#### Task goal:
From the first line of the entries below through the line holding "Sensationnelle veste noire", write out every line exactly, please, and leave out the pictures.

#### Available data:

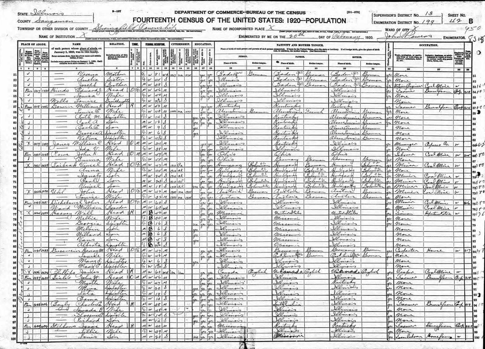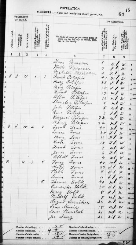 Volk Family 1920 Federal Census Illinois, Lines 96-99
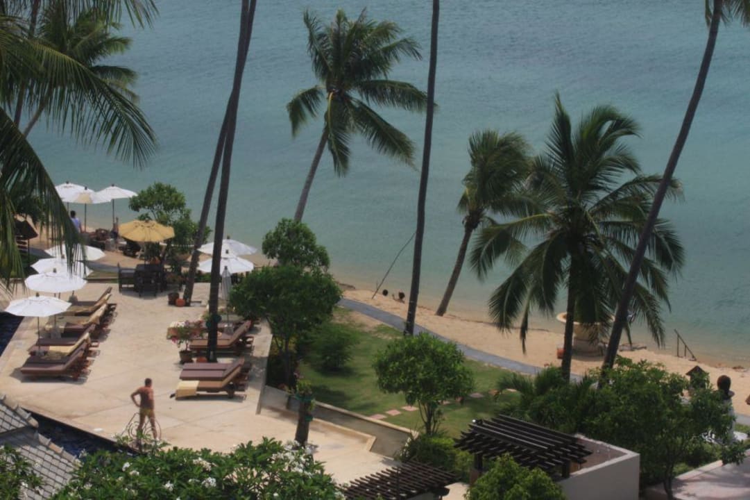 Blick von den Chalets zum Pool und Strand
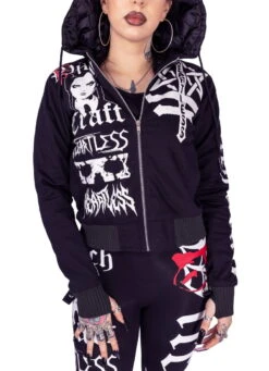 Sensationnelle veste noire à capuche pour femme par Heartless
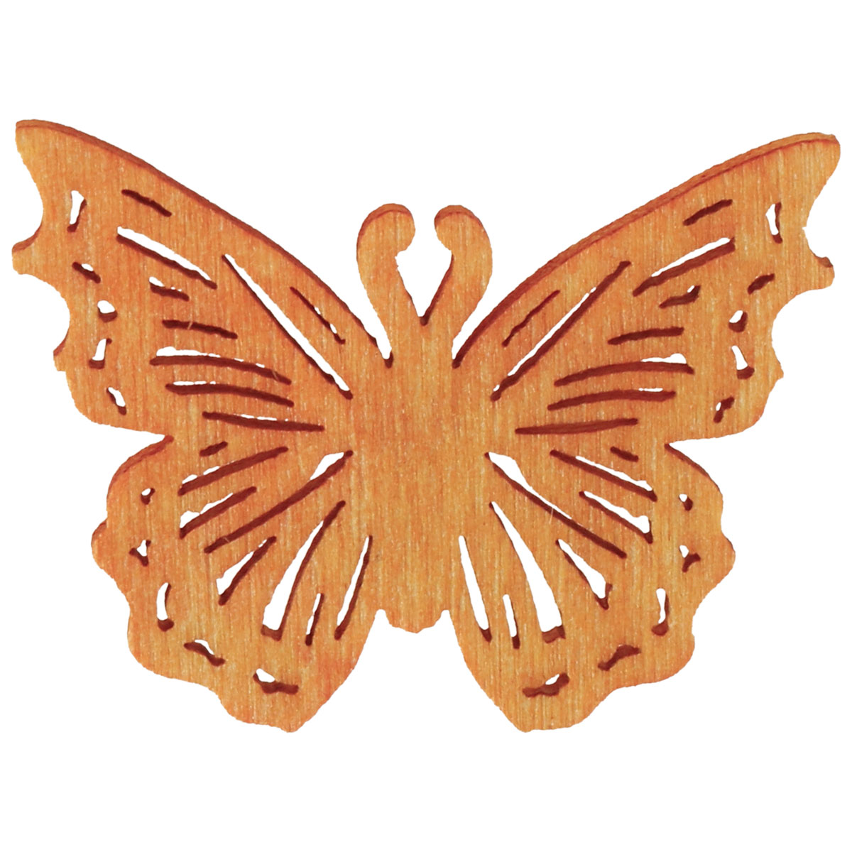 A pillangókból készült vegyes szórt dekoráció tavaszi színekben pompázik. A fából készült pillangókat művészi kivágások díszítik. Az antennák és a kinyújtott szárnyak precíz formájúak, míg a szárnyakból dekoratív mintát lyukasztottak ki.
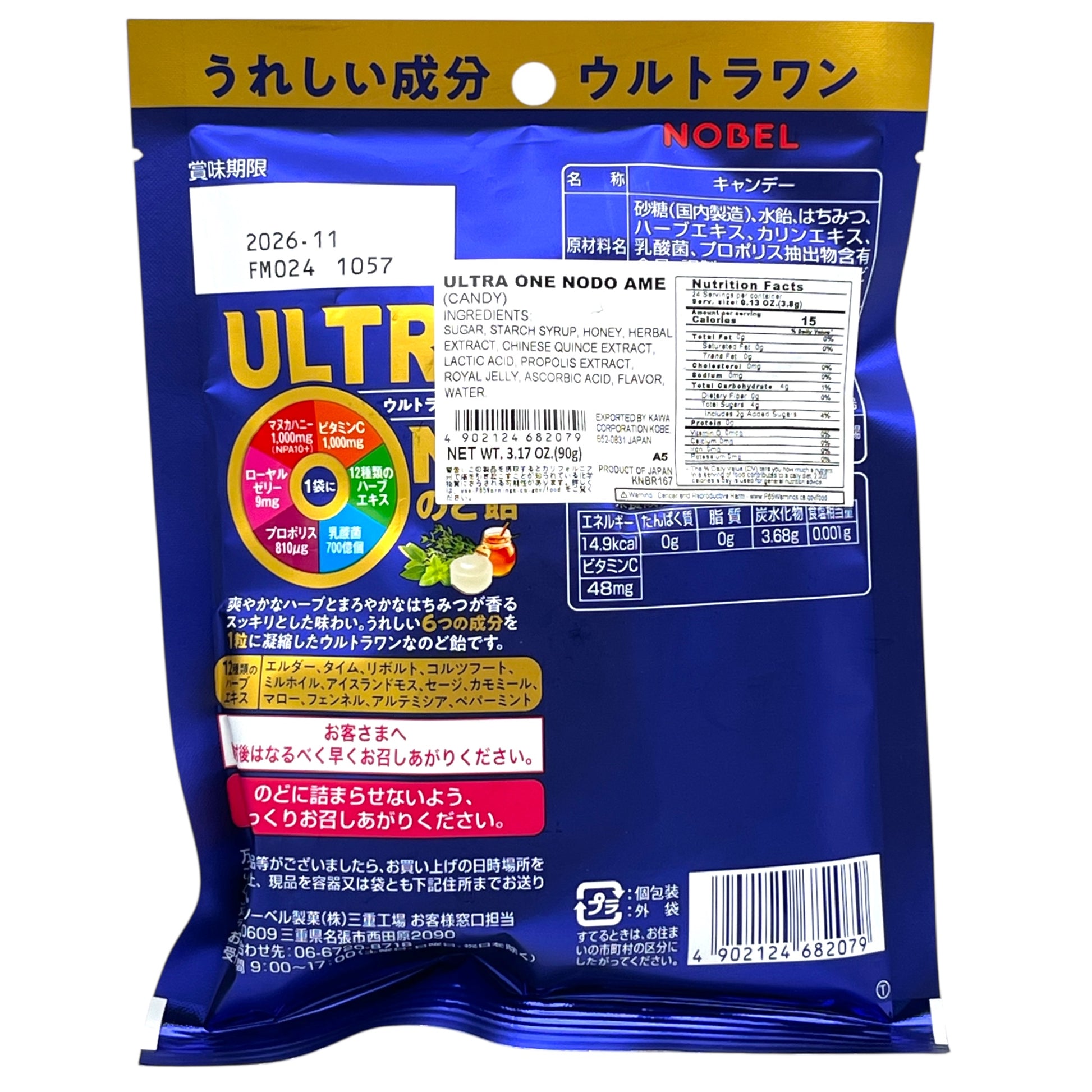 Nobel Ultra One Nodo Ame Candy 3.17 oz is a soothing Japanese hard candy designed to help relieve throat discomfort. Each piece combines a mild sweetness with a gentle cooling sensation, perfect for enjoying anytime you need a soothing treat.
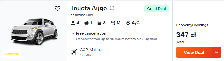 Zachęcam cię do wypożyczenia samochodu po przylocie do Hiszpanii. Mając do własnej dyspozycji auto, łatwo i wygodnie dostaniesz się na Gibraltar oraz do wszystkich ciekawych miejsc Andaluzji.
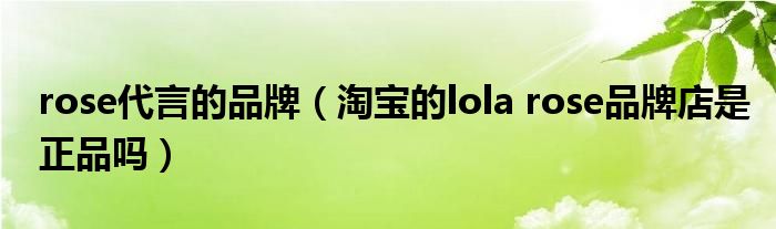 rose代言的品牌(淘宝的lola rose品牌店是正品吗)
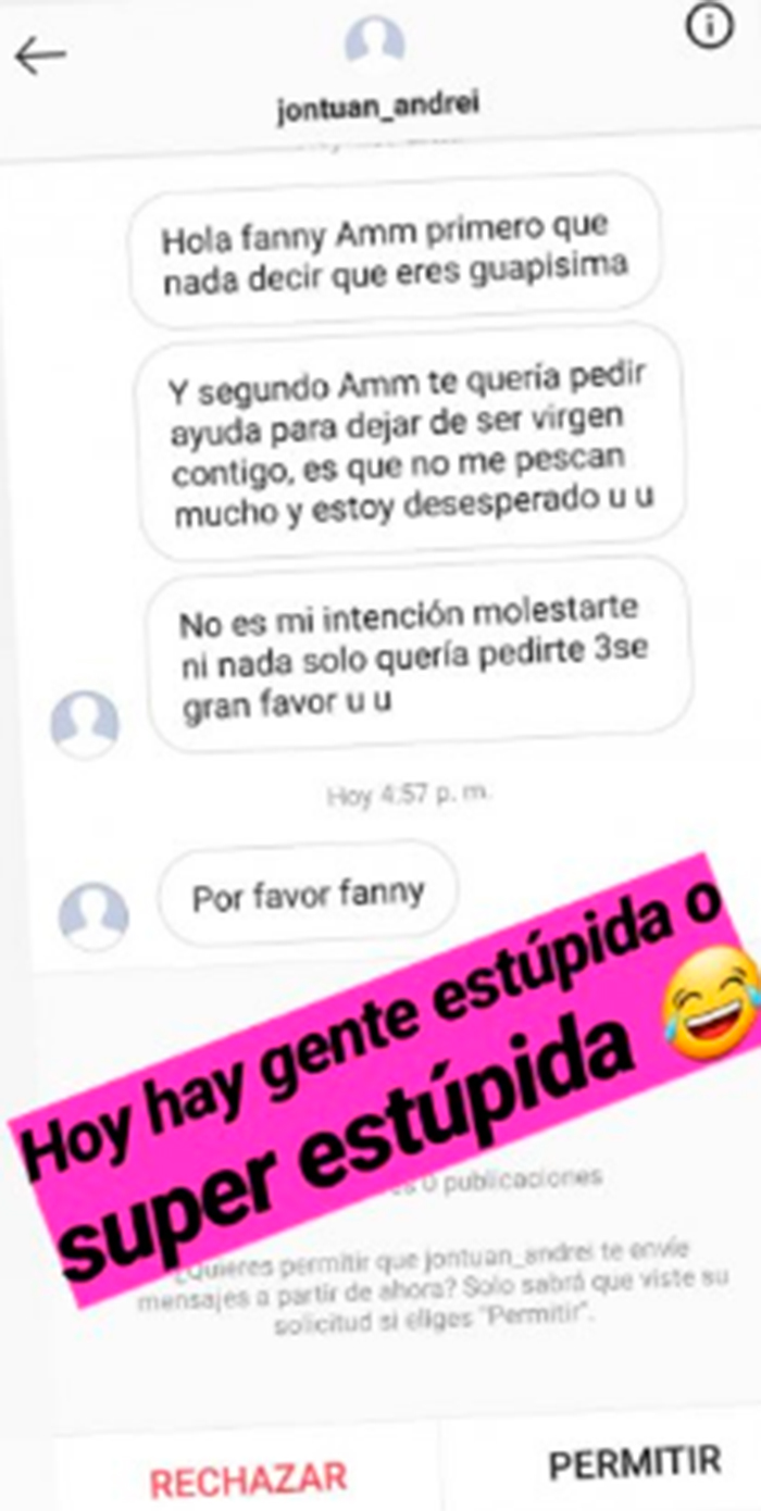 La chiquilla quiso funarlo a través de su cuenta de Instagram ya que él le dejó un comentario nada que ve en sus historias: “Hola Fanny, primero que nada decir que eres guapísima. Te quería pedir ayuda para dejar de ser virgen contigo, es que no me pescan mucho y estoy desesperado”, fue parte del escrito que recibió en la red social.

#### Response for this exercise:
 Volk Family 1920 Federal Census Illinois, Lines 96-99
 Blick von den Chalets zum Pool und Strand
 Sensationnelle veste noire à capuche pour femme par Heartless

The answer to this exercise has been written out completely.